* **BRIEF**:
All pictures must be left out as you transcribe the lines from the first line of the data to the line containing "Flora is een", both included.

# # # # # # #

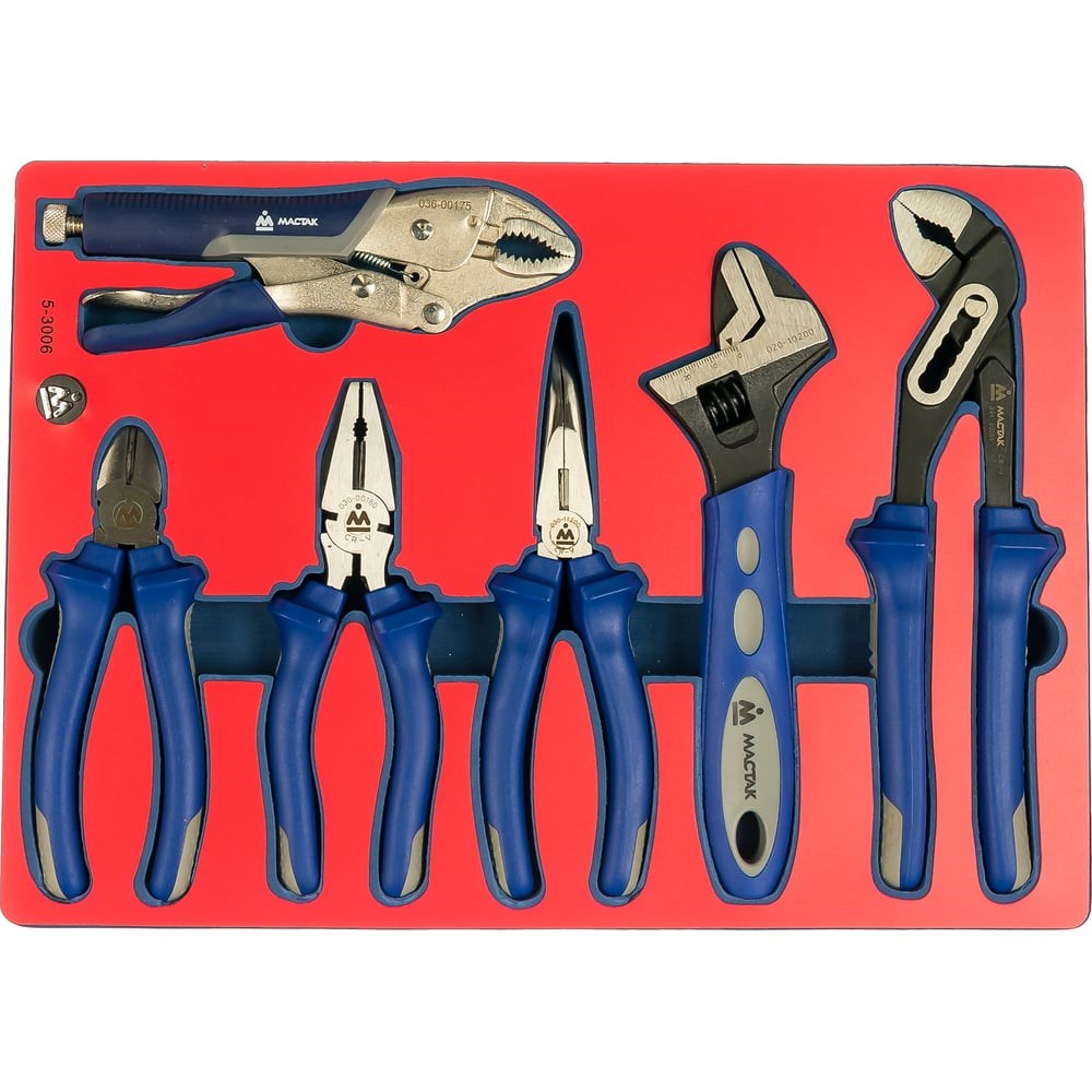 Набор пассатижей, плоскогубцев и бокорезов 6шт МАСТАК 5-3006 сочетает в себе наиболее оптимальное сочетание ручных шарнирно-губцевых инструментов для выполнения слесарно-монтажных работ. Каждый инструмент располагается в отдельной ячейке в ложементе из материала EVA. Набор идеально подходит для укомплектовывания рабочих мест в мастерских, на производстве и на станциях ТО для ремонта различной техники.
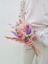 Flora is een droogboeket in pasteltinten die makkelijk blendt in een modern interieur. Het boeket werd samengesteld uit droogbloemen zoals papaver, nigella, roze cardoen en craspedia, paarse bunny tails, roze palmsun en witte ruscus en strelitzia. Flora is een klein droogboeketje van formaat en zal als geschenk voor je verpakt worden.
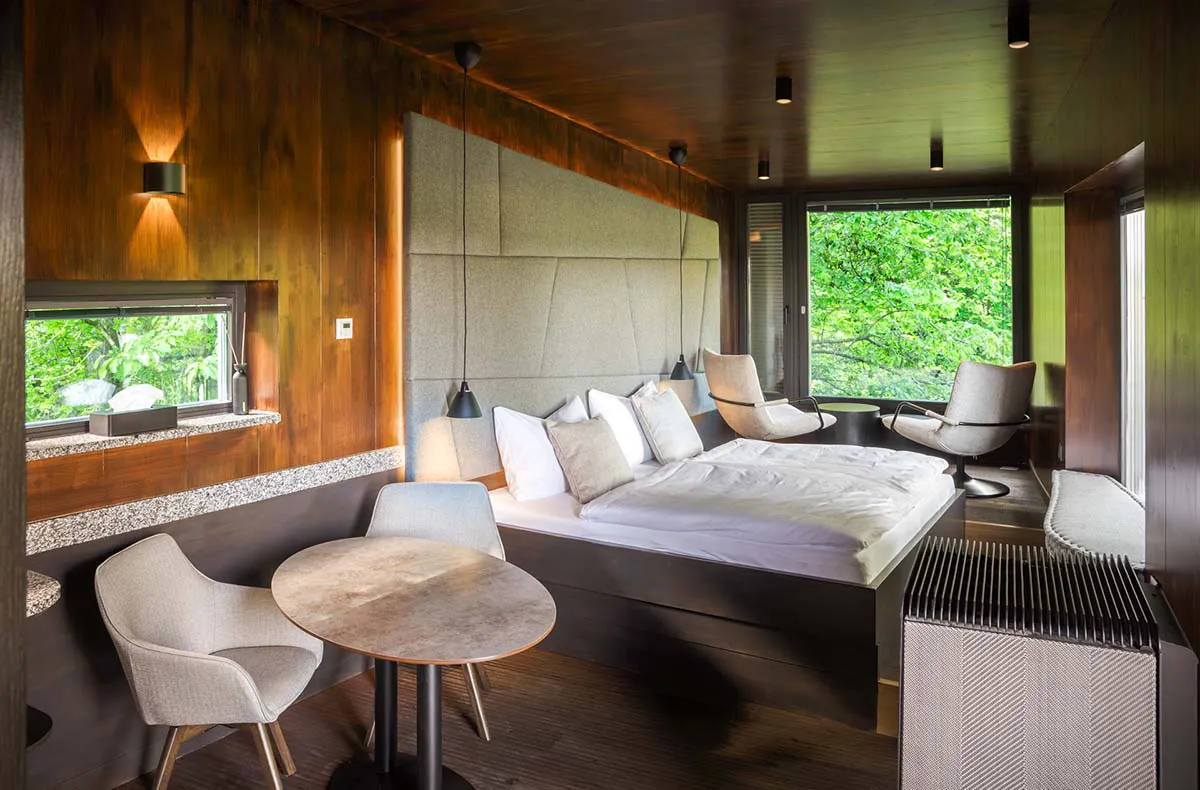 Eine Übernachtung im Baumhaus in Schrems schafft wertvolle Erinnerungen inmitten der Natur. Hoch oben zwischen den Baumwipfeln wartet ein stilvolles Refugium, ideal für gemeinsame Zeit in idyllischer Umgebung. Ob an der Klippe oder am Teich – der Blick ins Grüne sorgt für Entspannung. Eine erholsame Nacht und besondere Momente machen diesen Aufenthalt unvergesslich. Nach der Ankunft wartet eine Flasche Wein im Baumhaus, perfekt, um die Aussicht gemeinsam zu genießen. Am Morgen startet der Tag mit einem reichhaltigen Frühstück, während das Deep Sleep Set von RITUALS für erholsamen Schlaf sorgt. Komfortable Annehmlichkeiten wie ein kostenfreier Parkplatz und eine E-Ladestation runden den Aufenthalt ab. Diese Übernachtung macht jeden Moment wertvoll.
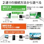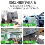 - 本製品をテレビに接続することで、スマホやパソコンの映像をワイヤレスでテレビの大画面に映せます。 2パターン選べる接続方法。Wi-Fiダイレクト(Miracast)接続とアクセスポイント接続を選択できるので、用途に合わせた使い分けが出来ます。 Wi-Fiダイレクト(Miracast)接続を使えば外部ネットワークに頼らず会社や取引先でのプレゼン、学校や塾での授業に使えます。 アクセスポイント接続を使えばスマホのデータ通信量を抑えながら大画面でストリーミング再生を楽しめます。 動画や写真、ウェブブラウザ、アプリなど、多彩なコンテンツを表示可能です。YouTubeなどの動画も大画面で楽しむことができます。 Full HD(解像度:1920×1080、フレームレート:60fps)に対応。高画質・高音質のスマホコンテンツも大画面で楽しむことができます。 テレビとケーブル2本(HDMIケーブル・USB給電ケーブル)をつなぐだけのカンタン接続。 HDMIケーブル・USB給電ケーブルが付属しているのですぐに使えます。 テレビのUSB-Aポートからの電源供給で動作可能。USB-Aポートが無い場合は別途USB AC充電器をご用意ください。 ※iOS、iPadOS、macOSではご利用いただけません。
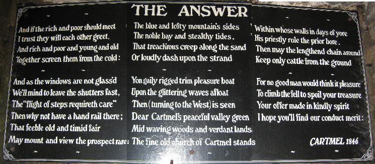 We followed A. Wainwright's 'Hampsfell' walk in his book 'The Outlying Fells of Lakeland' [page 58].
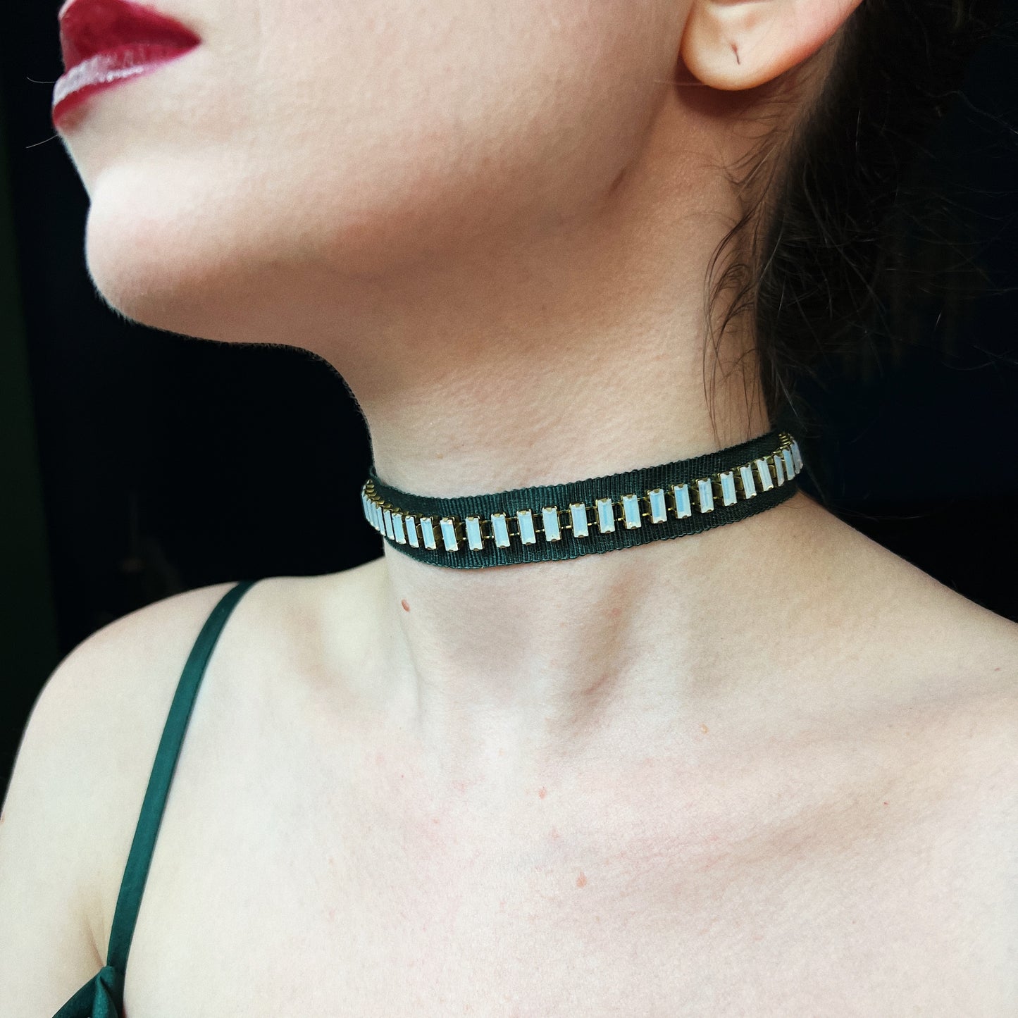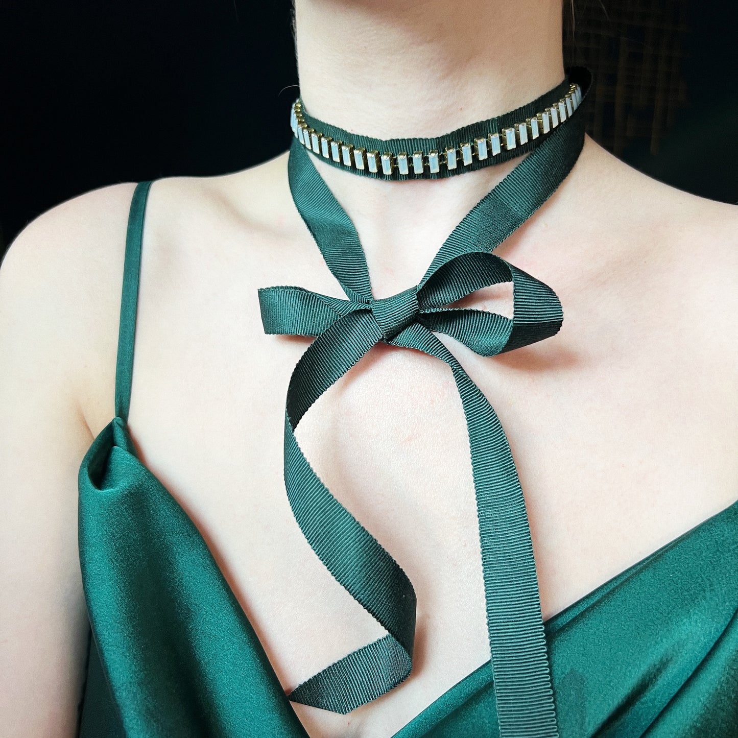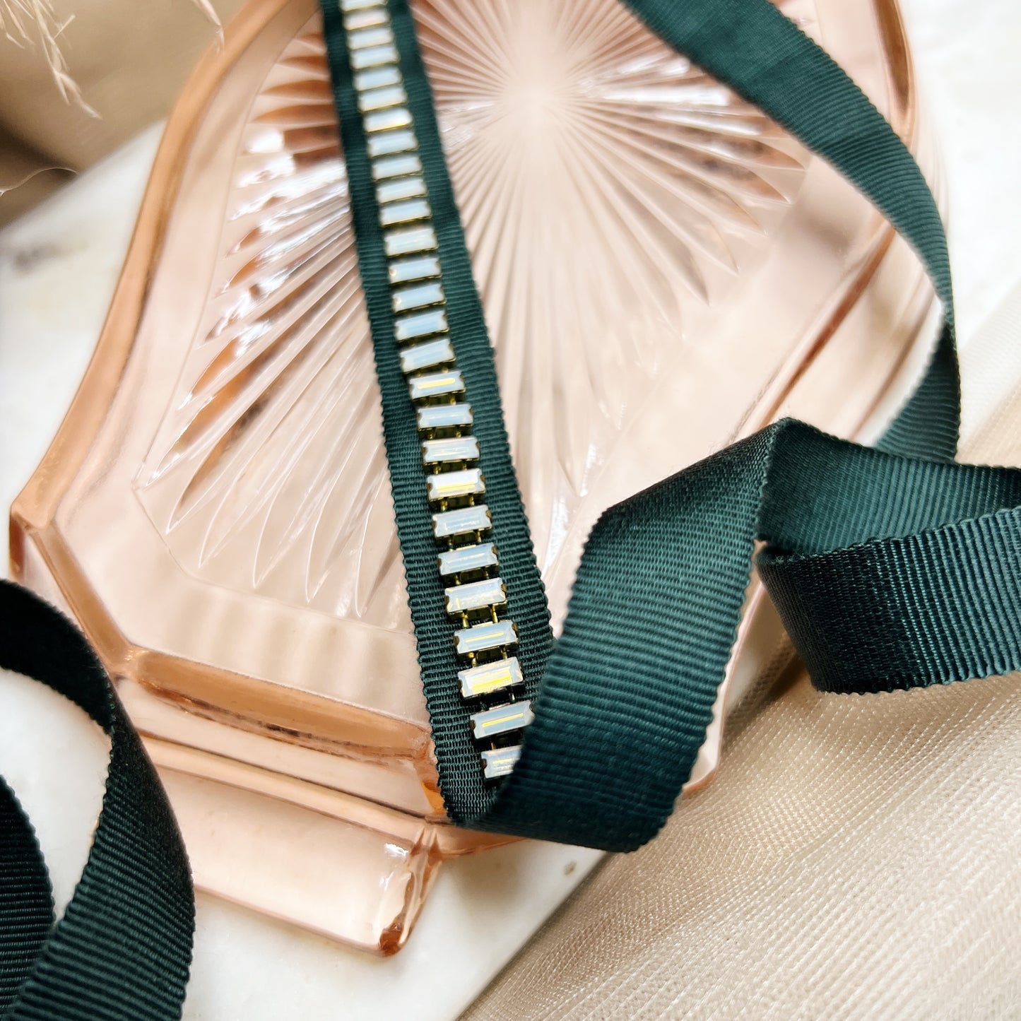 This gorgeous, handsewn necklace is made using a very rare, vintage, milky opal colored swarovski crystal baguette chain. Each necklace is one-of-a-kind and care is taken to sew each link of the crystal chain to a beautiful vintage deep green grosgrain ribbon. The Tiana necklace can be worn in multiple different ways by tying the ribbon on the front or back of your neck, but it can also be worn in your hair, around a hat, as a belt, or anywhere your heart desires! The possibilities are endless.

# # # # # # #

* **ANSWER TO THIS EXERCISE**:
 Набор пассатижей, плоскогубцев и бокорезов 6шт МАСТАК 5-3006 сочетает в себе наиболее оптимальное сочетание ручных шарнирно-губцевых инструментов для выполнения слесарно-монтажных работ. Каждый инструмент располагается в отдельной ячейке в ложементе из материала EVA. Набор идеально подходит для укомплектовывания рабочих мест в мастерских, на производстве и на станциях ТО для ремонта различной техники.
 Flora is een droogboeket in pasteltinten die makkelijk blendt in een modern interieur. Het boeket werd samengesteld uit droogbloemen zoals papaver, nigella, roze cardoen en craspedia, paarse bunny tails, roze palmsun en witte ruscus en strelitzia. Flora is een klein droogboeketje van formaat en zal als geschenk voor je verpakt worden.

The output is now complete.